Records supplied START
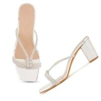 Fancy party wear block heel diamond slippers
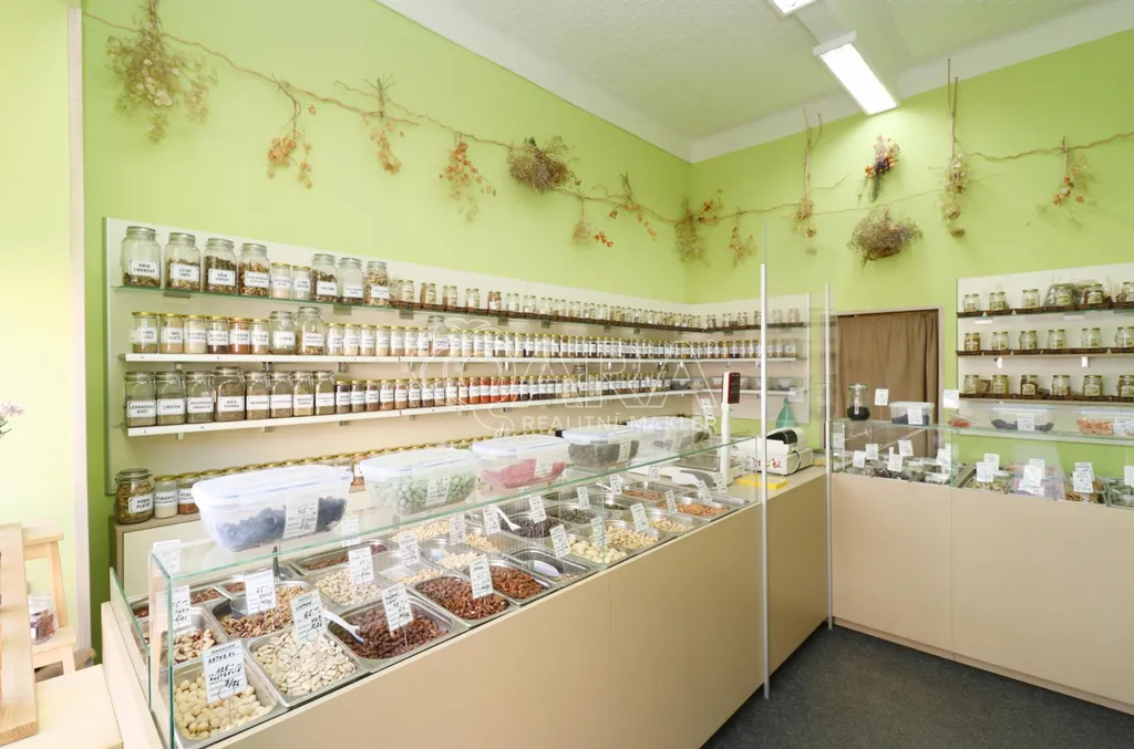 Prostor disponuje velkou výlohou orientovanou do ulice a je plně vybaven zařízením, které je možné odkoupit. V zadní části se nachází zázemí společně s toaletou.
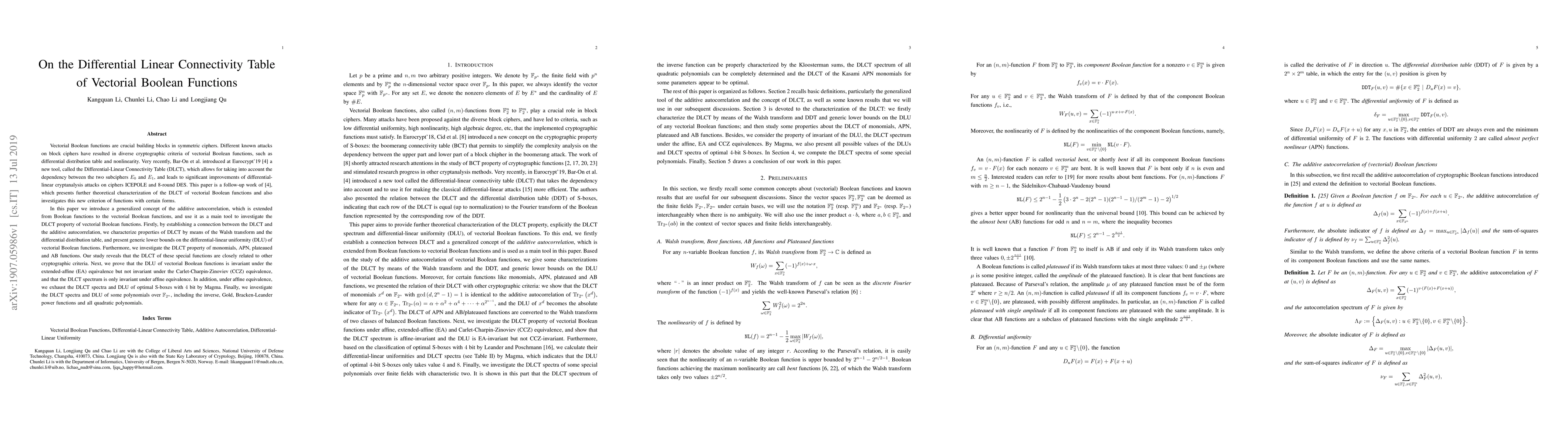 This paper extends the Differential-Linear Connectivity Table (DLCT) to vectorial Boolean functions, crucial for symmetric ciphers, and explores its properties through additive autocorrelation. It establishes connections between DLCT and cryptographic criteria like differential distribution and nonlinearity, and investigates the DLCT of special functions, revealing their invariance under affine but not CCZ equivalence.
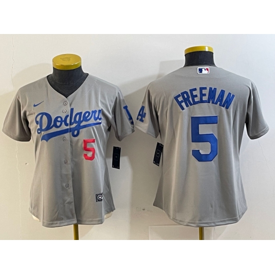 Women's Los Angeles Dodgers #5 Freddie Freeman Number Grey Cool Base Stitched Nike Jersey
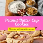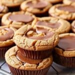 Soft and chewy peanut butter cookies baked in a mini muffin tin and topped with mini peanut butter cups for a rich, chocolatey center in every bite.
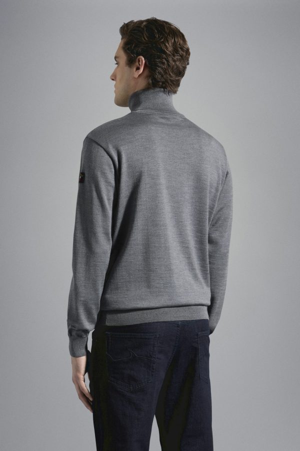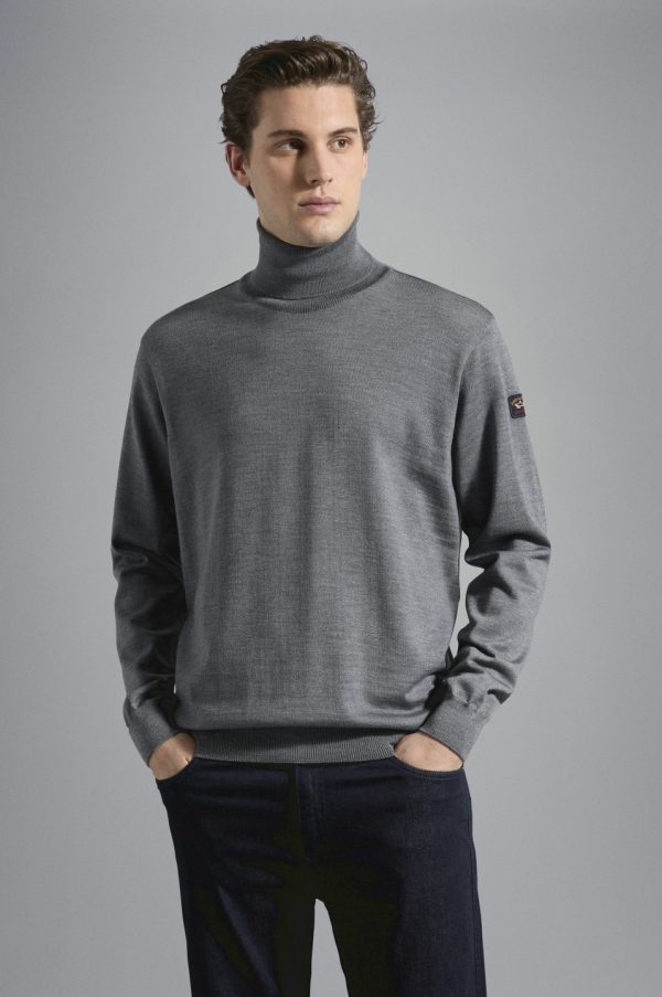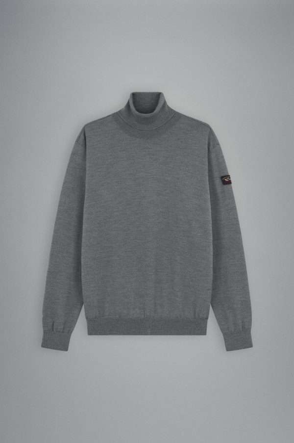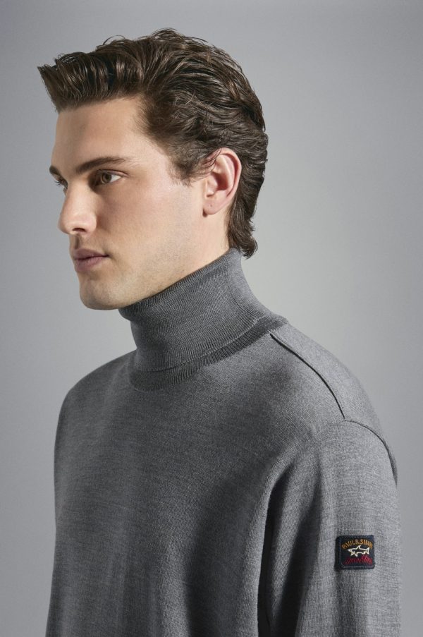 Merino Wool Turtleneck With Iconic Badge Dark Grey | Men Paul & Shark Knitwear
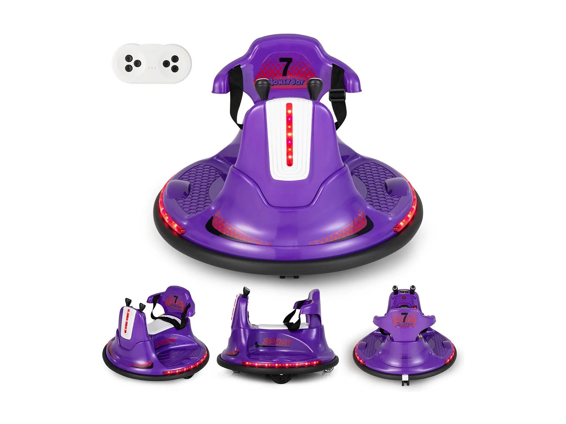 6V Kinder Autoscooter 360 Grad Drehung mit Musik & bunten LED Lichtern Lila
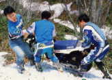 | 河でも | 大石ゴロゴロでも | 橋が無くても | 雪でツルツルでも | コースアウトしても |
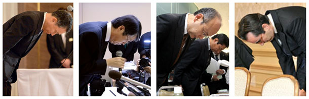各大企業負責人針對“食材造假”致歉(左起:阪急阪神酒店社長、近鐵旅館系統社長、三月伊勢丹常務執行董事、大阪麗思卡爾頓酒店總負責人)
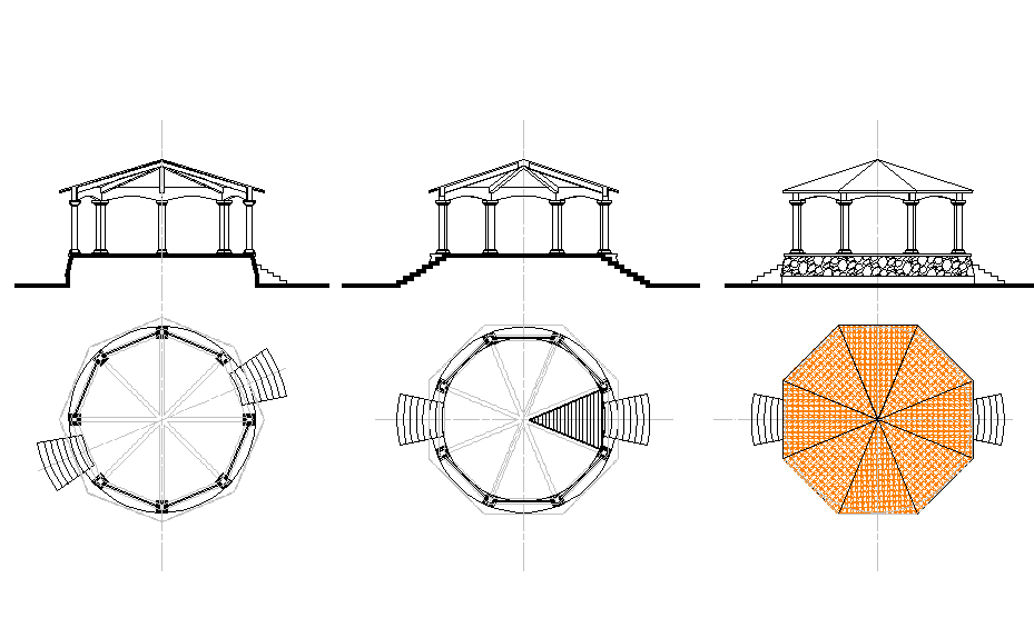 Park garden roof shade and seating arrangements structure plan elevation detail view dwg file, Park garden roof shade and seating arrangements structure plan elevation detail view
Records supplied END
Problem requirements ->
From the line with "雪でツルツルでも | コースアウトしても |" down to the end of the entries, retype each line exactly as written, but drop the pictures.

Answer area ->
 | 河でも | 大石ゴロゴロでも | 橋が無くても | 雪でツルツルでも | コースアウトしても |
各大企業負責人針對“食材造假”致歉(左起:阪急阪神酒店社長、近鐵旅館系統社長、三月伊勢丹常務執行董事、大阪麗思卡爾頓酒店總負責人)
 Park garden roof shade and seating arrangements structure plan elevation detail view dwg file, Park garden roof shade and seating arrangements structure plan elevation detail view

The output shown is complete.